Wednesday, 6 November 2013

POVERTY: Cambodia in first measles-rubella drive

PHNOM PENH, 6 November 2013 (IRIN) - More than one million children and youths up to age 15 in Cambodia have been vaccinated against measles and rubella in a first-time campaign that aims to immunize another three million by the end of December. 

Health officials are trying to reach all the country’s children aged nine months to 15 years with the new dual vaccination that tackles the highly contagious measles virus as well as - for the first time in the country - the generally mild rubella (also known as German measles) that can be debilitating for foetuses of infected women. 

The Serum Institute of India is providing the combined vaccine at no cost until end of this year, allowing the country to tackle rubella for the first time. 

“In other vaccination campaigns, children already received vaccines against measles, hepatitis B or other diseases. But we just introduced rubella this year, because through our disease surveillance, we found many rubella outbreaks,” Sann Chan Soeung, an adviser for the Ministry of Health's national immunization programme, said. 

While measles is one of the leading causes of child mortality worldwide, according to the World Health Organization (WHO) in the past two years, no cases have been reported in Cambodia, according to the UN Children’s Fund (UNICEF). 

“While Cambodia has made great progress in eliminating measles thanks to high coverage in a series of successful national measles vaccination campaigns... there still exists a risk of importing measles from other countries which have not been successful in eliminating the disease,” said Denise Shepherd-Johnson, chief of communications for UNICEF in Cambodia, which is supporting the campaign. 

If pregnant women contract rubella, their babies are at risk of congenital rubella syndrome (CRS), which often leads to irreversible blindness, deafness and heart ailments. 

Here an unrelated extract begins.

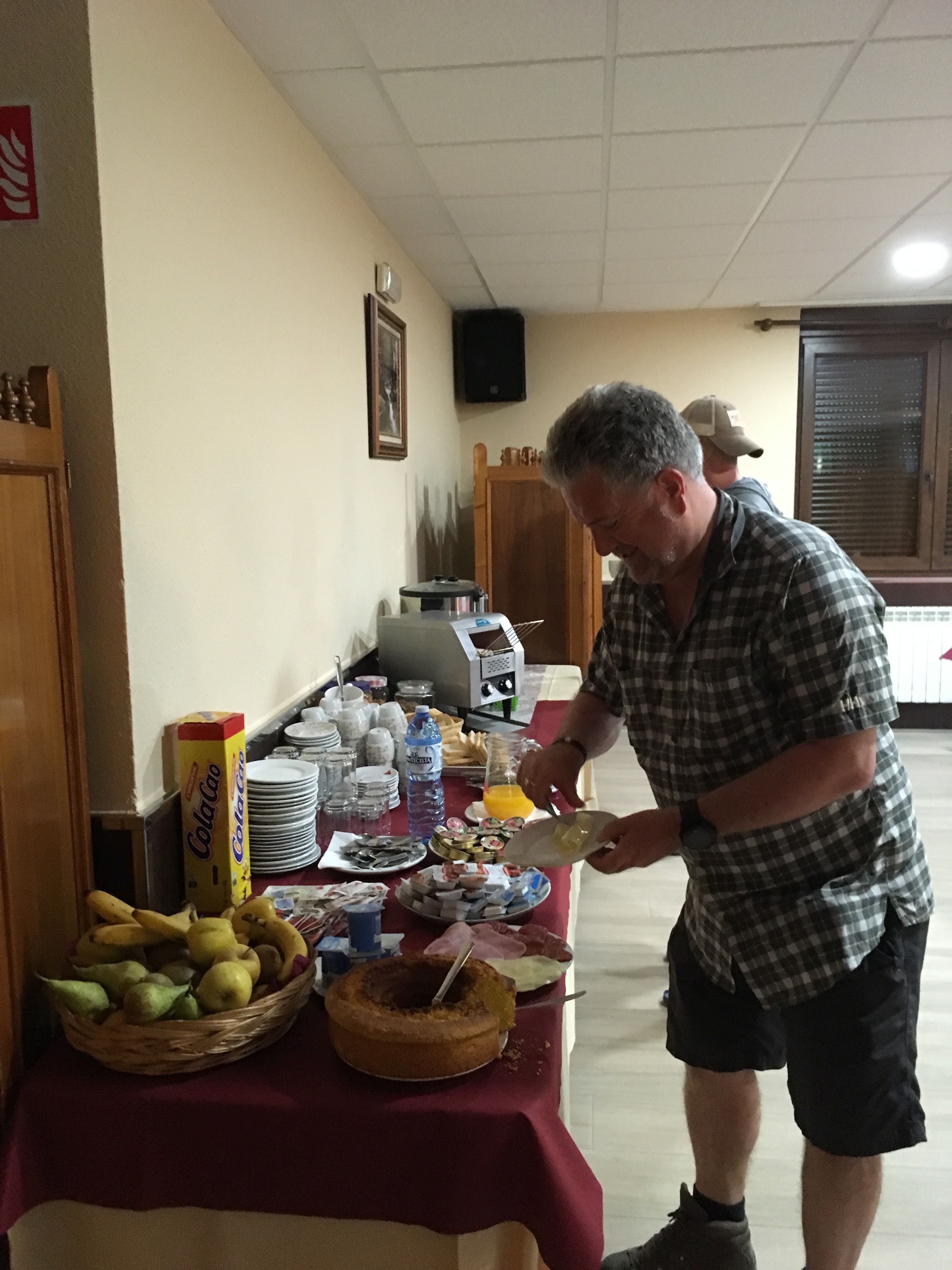Heute früh, zum Beispiel, waren Andrew aus Schottland und ich eine Weile gemeinsam unterwegs. Beide hatten wir nicht gefrühstückt und gehofft, unterwegs eine Bar zu finden. Nur wer eine Zeitlang abgepackte Kekse zum Frühstück bekommen hat – oder wahlweise eben nichts – kann unsere Freude angesichts eines kompletten Frühstückbuffets nachempfinden.

According to UNICEF, 1,092 rubella cases were confirmed in 2011 based on a one-time survey. Data has been scant on the disease as it is not part of the national disease surveillance system; rubella is to be included as of 2014. 

WHO estimates 260 children are born with CRS every year in Cambodia; an estimated 100,000 children globally are born with it annually.

“Approximately 36 percent of cases involved females older than age 15, raising the probability that pregnant women will be infected and their children will be born with congenital rubella syndrome,” Shepherd-Johnson said. 

Vaccination campaign “on track” 

With one million Cambodian children vaccinated in just over two weeks, the campaign is “on track”, Minister of Health Mam Bunheng said in a recent statement, adding that every primary and secondary school is vaccinating students. 

In addition, village health officials are instructing parents and caretakers to bring children who are not enrolled in classes to schools for vaccinations. 

According to UNICEF, the GAVI Alliance, a public-private global health partnership, has provided more than US$3 million to the country’s measles-rubella campaign. 

The global Measles & Rubella Initiative, a partnership between American Red Cross, the US government’s Centres for Disease Control and Prevention, UNICEF, the UN Foundation and WHO, is aiming to eliminate the two diseases in most of the world (five out of six regions as covered by WHO) by 2020. 

With GAVI support, a similar measles-rubella campaign is being implemented simultaneously in Ghana, Rwanda and Senegal. The alliance’s goal is to introduce the dual vaccine in 49 countries by 2020

Cambodia is the first Asian country to introduce it.